Momentos antes, en el instante en que se abrió la cerradura electrónica de la sala de control, Han Yu repentinamente liberó todos los puntos de presión de Takada excepto el que lo mantenía mudo, y luego lo empujó hacia afuera.

En ese momento, los nervios de Yano Jiro y Niwa Mori estaban extremadamente tensos; de repente, apareció una sombra oscura, y nadie pudo manejar la situación.

Como era de esperar, el rubio Matsui, sin darse cuenta de quién era la sombra oscura, apretó el gatillo.

El disparo pareció contagioso, provocando que los demás también apretaran sus gatillos y dispararan a la sombra.

El pobre Takada ni siquiera pudo decir una palabra antes de ser acribillado por sus propios camaradas, muerto más allá de la muerte.

Nadie anticipó que el que moriría sería Takada; la escena se sumió en el silencio, con los rostros de todos llenos de inquietud y pánico.

Lo que la gente más teme no es la muerte, sino lo desconocido.

El enemigo invisible sumió a todos los presentes en un miedo a lo desconocido.

Todos agarraban sus armas, mirando nerviosamente a su alrededor, sus ojos traicionando miedo, sus extremidades endureciéndose.

Cric, cric…

De repente, la radio cobró vida, seguida por la voz del Tercer Líder, Leopardo Masahiro.

—¿Cuál es la situación?

¿Por qué aún no hay energía?

Niwa Mori, sosteniendo el walkie-talkie, esbozó una sonrisa amarga y comenzó a hablar:
—¡Enseguida!

Acabo de…

En ese momento, una bala silbó por el aire, apuntando inesperadamente a Niwa Mori.

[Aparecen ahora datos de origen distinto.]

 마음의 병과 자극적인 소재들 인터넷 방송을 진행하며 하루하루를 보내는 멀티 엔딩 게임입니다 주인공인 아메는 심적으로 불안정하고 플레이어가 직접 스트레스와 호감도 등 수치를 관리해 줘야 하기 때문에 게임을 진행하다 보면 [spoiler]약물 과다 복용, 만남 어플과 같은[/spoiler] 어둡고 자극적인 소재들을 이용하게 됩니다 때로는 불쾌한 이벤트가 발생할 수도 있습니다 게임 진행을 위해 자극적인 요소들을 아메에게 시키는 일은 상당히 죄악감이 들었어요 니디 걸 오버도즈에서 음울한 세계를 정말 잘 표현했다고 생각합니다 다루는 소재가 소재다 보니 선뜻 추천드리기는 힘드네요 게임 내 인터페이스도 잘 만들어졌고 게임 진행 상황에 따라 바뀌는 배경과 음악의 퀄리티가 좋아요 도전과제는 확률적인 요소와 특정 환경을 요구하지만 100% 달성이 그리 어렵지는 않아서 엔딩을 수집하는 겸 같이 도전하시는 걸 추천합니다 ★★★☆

Las palabras de Niwa Mori fueron interrumpidas cuando la bala atravesó su cráneo.

¡Bang!

En un instante, la cabeza de Niwa Mori estalló como una sandía madura, su sangre mezclada con masa cerebral salpicando los rostros de los que estaban cerca.

Esta escena realmente aterrorizó a todos.

¡Bang!

¡Bang!

¡Bang!

¡Bang!

Varios disparos más resonaron, y las cuatro personas que estaban cerca de Niwa Mori recibieron disparos entre los ojos igual que él, sus cabezas explotando.

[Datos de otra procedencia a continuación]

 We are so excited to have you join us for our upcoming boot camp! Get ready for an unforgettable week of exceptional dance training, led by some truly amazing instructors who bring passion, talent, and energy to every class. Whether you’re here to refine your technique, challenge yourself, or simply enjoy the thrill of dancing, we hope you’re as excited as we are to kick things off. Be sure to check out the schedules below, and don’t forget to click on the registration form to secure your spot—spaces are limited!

Yano Jiro, con sus reflejos rápidos, empujó la puerta de la sala de control electrónico y corrió adentro en el momento en que se dispararon los tiros; Matsui y los otros dos lo siguieron rápidamente, evitando por poco ser alcanzados por Han Yu.

—Huff, huff…

—Huff, huff…

Yano Jiro encontró un pilar para esconderse y respiró profundamente.

El rubio Matsui y los otros dos también se escondieron detrás de la pared, aferrándose a sus armas, con gotas de sudor formándose en sus frentes.

¡Cada disparo era mortal!

¡Demasiado fuerte!

¡Esa persona misteriosa era terriblemente poderosa!

¡Bang, bang, bang!

Fuera de la puerta, se escucharon disparos nuevamente; claramente, esa persona misteriosa seguía cazando a los hombres de Niwa Mori.

Yano Jiro rápidamente miró hacia arriba y observó la sala de control electrónico.

Cuando vio que las ventanas de la habitación estaban abiertas, inmediatamente se dio cuenta de que la figura vestida de negro había entrado por la ventana para cortar la energía.

—¡Matsui, ustedes vayan a restaurar la energía!

Yano Jiro gritó al rubio y a los demás, luego corrió hacia la ventana, sabiendo que si podía escapar por ella, ciertamente salvaría su vida.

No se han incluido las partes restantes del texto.